The step 2 preprocessing is specifically to decompose, denoise and reconstruct the EEG signal by the FastICA algorithm.
The decomposition, denoising and reconstruction of the EEG signal by the FastICA algorithm specifically comprises the following steps:
s1, centralization: calculating the mean value of the mixed signal X, and then subtracting the mean value from X, as shown in equation (1):
X=X-E(X) (1)
in the formula (1), X is a mixed signal, and E (X) is a signal mean value;
s2, whitening: the specific process is shown as formula (2):
E[XX T ]=C X =UΛU T (2)
in the formula (2), C X Is E (XX) T ) Given the covariance matrix of X, Λ ═ diag (λ) 1 ,λ 2 ,…λ n ) Is that the diagonal element is C X Diagonal matrix of eigenvalues, U ═ U 1 ,u 2 ,…,u n ]Is a characteristic value of C X Characteristic vector of (1), UΛ U T A characteristic decomposition part of the covariance matrix;
Z=K×X (3)
in the formula (3), Z is the updated whitening matrix, K is the whitening matrix, and X is the signal after mean value removal;
Figure BDA0003732647040000041
in the formula (4), K is a whitening matrix, and Λ ═ diag (λ) 1 ,λ 2 ,…λ n ) Is that the diagonal element is C X Diagonal matrix of eigenvalues, U ═ U 1 ,u 2 ,…,u n ]Is a characteristic value of C X The feature vector of (2);
the matrix Z after whitening is: as shown in the formula (5),
Figure BDA0003732647040000051
in formula (5), where I is an identity matrix, Z is an updated whitening matrix, K is a whitening matrix, and Λ ═ diag (λ) 1 ,λ 2 ,…λ n ) Is that the diagonal element is C X Diagonal matrix of eigenvalues, U ═ U 1 ,u 2 ,…,u n ]Is a characteristic value of C X Characteristic vector of (1), UΛ U T A characteristic decomposition part of the covariance matrix;
s3, initializing W i
S4, for W i Updating is carried out, as shown in the formula (6),
W i =E{Zg(W i T Z)}-E{g′(W i T Z)}W (6)
in equation (6), W is a matrix initialized with all 0s, W i I column of W;
s5, orthogonalizing W i As shown in the formula (7),
W i =W i -∑(W i T W j )W j (7)
in formula (7), W i Is the ith column of W, W j Is the jth column of W;
s6, normalizing W i As shown in the formula (8),
W i =W i /||W i || (8)
in formula (8), W i Is the ith column of W, | W i I is W i The mold of (4);
s7, checking whether the iteration converges, if not converging to S4, when both converge to S3, initializing the next W i (i++)
S8, the separated signal is reconstructed to obtain the source signal S, as shown in equation (9).
S=WKX (9)
In the formula (9), S is a reconstructed source signal, W is a matrix initialized by all 0S, K is a whitening matrix, and X is a signal after mean value removal;
the loss function in step 4 is shown in equations (11), (12) and (13):
Figure BDA0003732647040000061
ω k =μ k max(1,log(μ k M/M k )) (12)
Figure BDA0003732647040000062
in equations (11), (12) and (13), λ represents a penalty factor representing a degree of penalty, ω, for the entire network weight k Denotes the weight, μ, assigned to the k class k Is an adjustable parameter, M k Is the number of samples for the class k.

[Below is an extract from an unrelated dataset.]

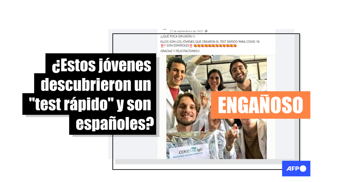 “¡¡¡QUÉ POCA DIFUSIÓN !!! ELLOS SON LOS JÓVENES QUE CREARON EL TEST RÁPIDO PARA COVID 19. ‼️Y SON ESPAÑOLES‼️ GRACIAS Y FELICITACIONES!!!”, dice la leyenda de la publicación. Esta adjunta la imagen de cinco jóvenes sonrientes con batas blancas. Uno de ellos sostiene un cartel en el que se puede leer: “COVIDAR IgG Microplacas con Tiras con Polículos. Conservar entre 2 y 8 ºC. IvD. Laboratorio Lemos S.R.L - INDUSTRIA ARGENTINA.”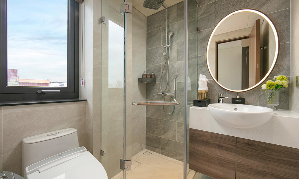 Không gian phòng hiện đại, nội thất trong phòng được lựa chọn tinh tế, gồm bàn làm việc tiện lợi, tủ quần áo rộng, TV màn hình phẳng và gương lớn tiện dụng cùng hệ thống chiếu sáng dịu nhẹ tạo cảm giác ấm áp. Phòng tắm đứng được ngăn cách bằng vách kính trong suốt, trang bị vòi sen hiện đại, hệ thống nước nóng ổn định, bồn rửa sứ trắng thanh lịch. Sàn gỗ cao cấp và cửa sổ đón sáng tự nhiên giúp không gian luôn thông thoáng và dễ chịu.

The invention has the beneficial effects that:
according to the invention, under the condition that an original non-interference signal is obtained by decomposing, denoising and reconstructing the signal through FastICA, the feature extraction is completed through the feature extraction module, the modeling of the dependence relationship between the features is optimized and captured, high-quality information is extracted, and meanwhile, a loss function is designed to solve the problem of category imbalance, and finally, the classification is completed through MLP, so that a better OSA detection effect and a higher evaluation index are obtained.
Drawings
FIG. 1 is a schematic flow diagram of an attention and transducer based OSA detection method of the present invention;
FIG. 2 is a schematic flow chart of the preprocessing in the attention and Transformer based OSA detection method of the present invention;
FIG. 3 is a schematic structural diagram of a two-way convolutional neural network in the OSA detection method based on attention and Transformer according to the present invention;
FIG. 4 is a schematic diagram of the structure of the convolution attention module in the attention and Transformer based OSA detection method of the present invention;
FIG. 5 is a schematic diagram of the structure of a Transformer in the attention and Transformer based OSA detection method of the present invention;
FIG. 6 is a diagram of a trained OSA detection network model in the attention and Transformer based OSA detection method of the present invention;
FIG. 7 is a graph showing the result of OSA detection in the attention and Transformer based OSA detection method of the present invention.
Detailed Description
The present invention will be described in detail below with reference to the accompanying drawings and detailed description.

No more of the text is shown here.